Chrome: Pinkie Pie's 64-bit vulnerability fixed
Google has released security updates to the Stable and Beta channels of its Chrome browser and to the Stable channel of Chrome OS. The update to the Stable channel for Chrome closes two security vulnerabilities rated High by the company, one of which earned the leading hacker of the Chrome browser, Pinkie Pie, a $7331 payout and a congratulatory note from the Chrome team for a successful 64-bit exploit of Chrome.
The vulnerability reported by Pinkie Pie concerns a use-after-free problem in the browser's media source handling. This has been fixed in the Stable channel with version 23.0.1271.95 of Chrome along with a vulnerability discovered by the Chrome Security Team that exploits incorrect file path handling. The Beta channel update to version 24.0.1312.27 fixes several stability problems and a memory leak in the canvas drawing code with GPU acceleration. Details about all changes in the new versions can be found in the SVN revision logs for the Stable and Beta channels.

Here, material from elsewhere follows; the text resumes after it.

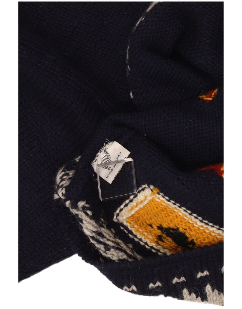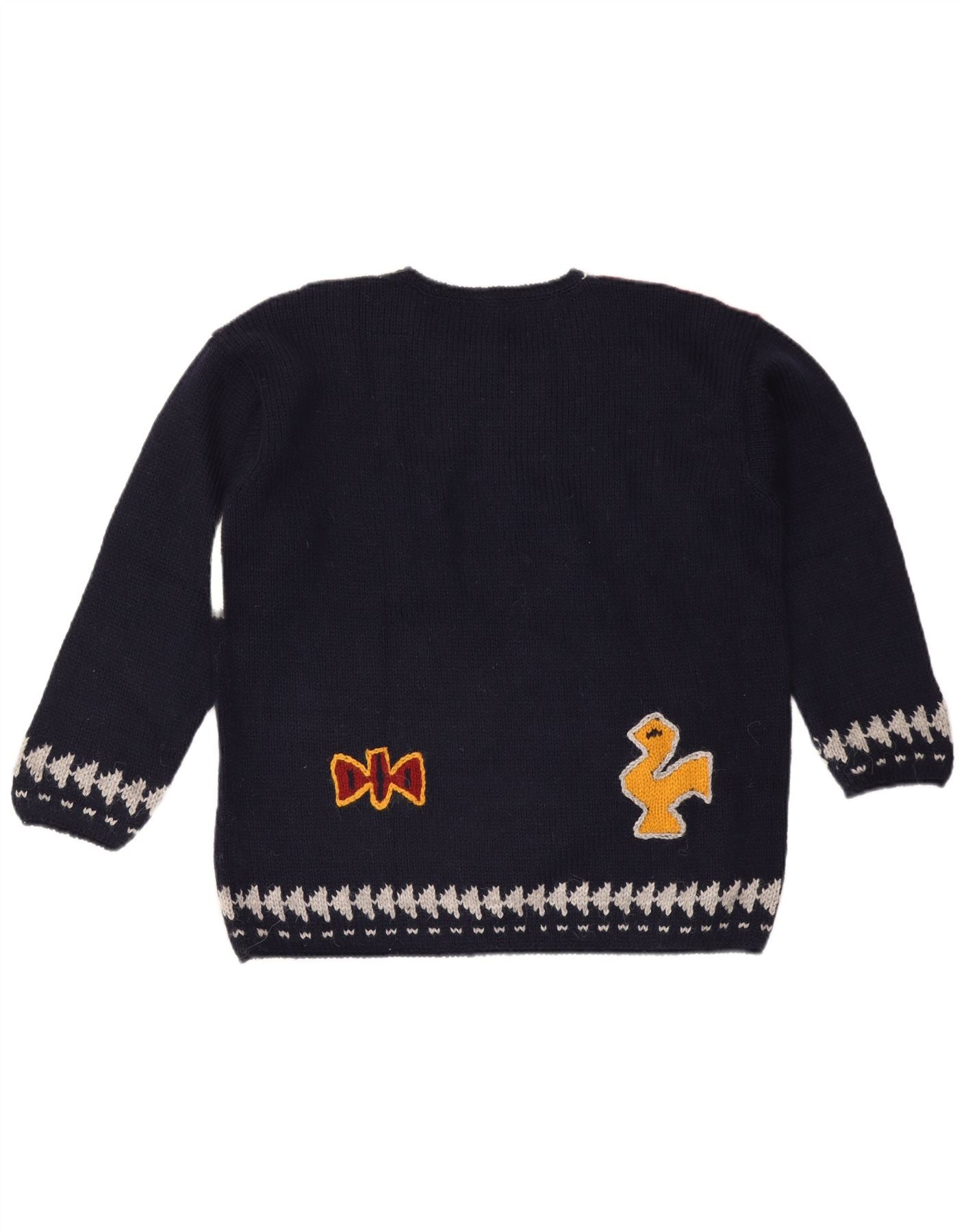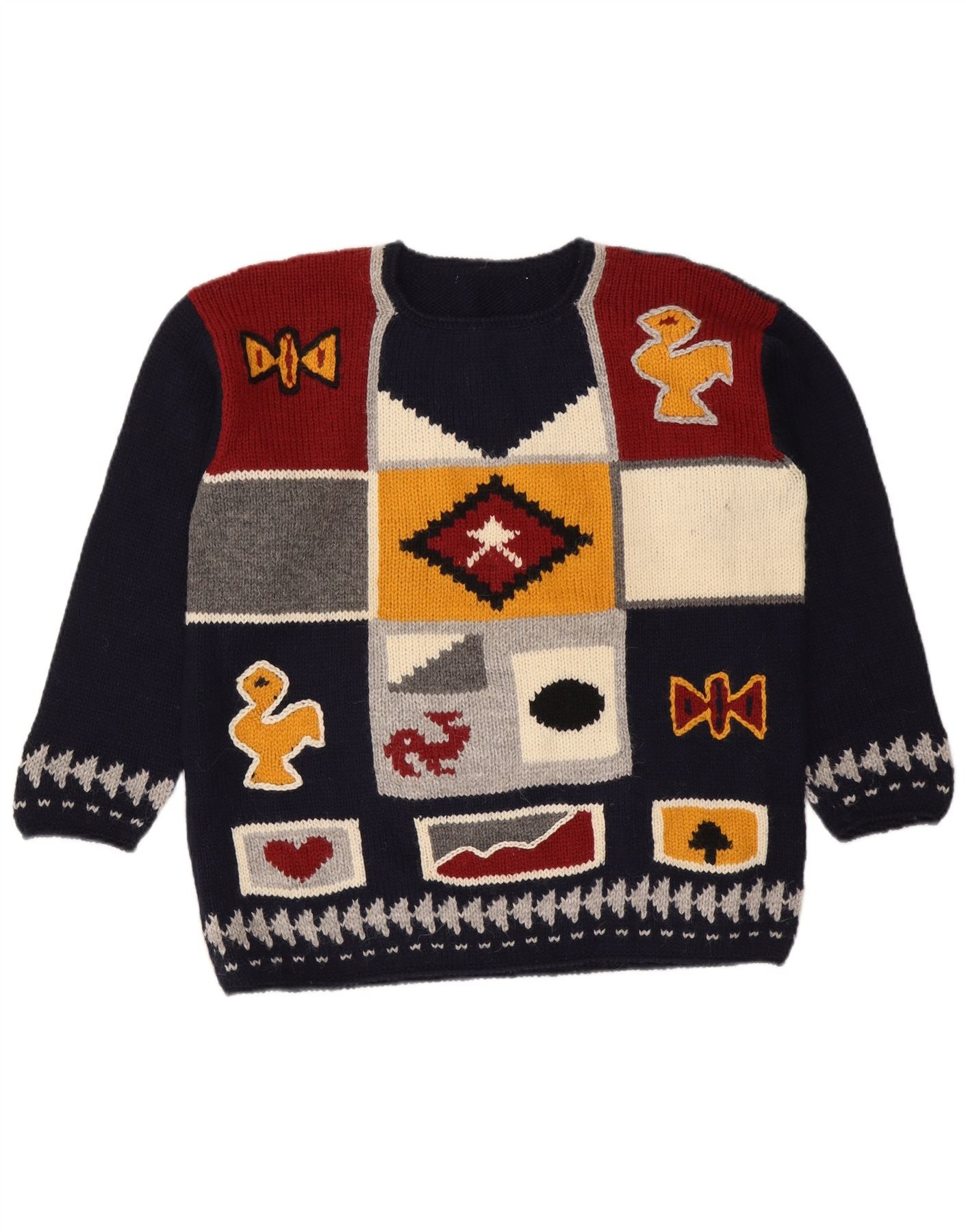 VINTAGE Femme Crew Neck Jumper Pull UK 16 Grand Bleu Marine Géométrique

Chrome OS has also been updated to version 23.0.1271.94 in its Stable channel. The new release brings user interface improvements such as a modified sign-in screen, an improved notification area and the introduction of cloud-based wallpaper management. The most important applications are now also available in offline mode by default. A Medium-rated heap buffer overflow in the GPU-based WebGL implementation was also fixed and earned the hacker who discovered it $3500.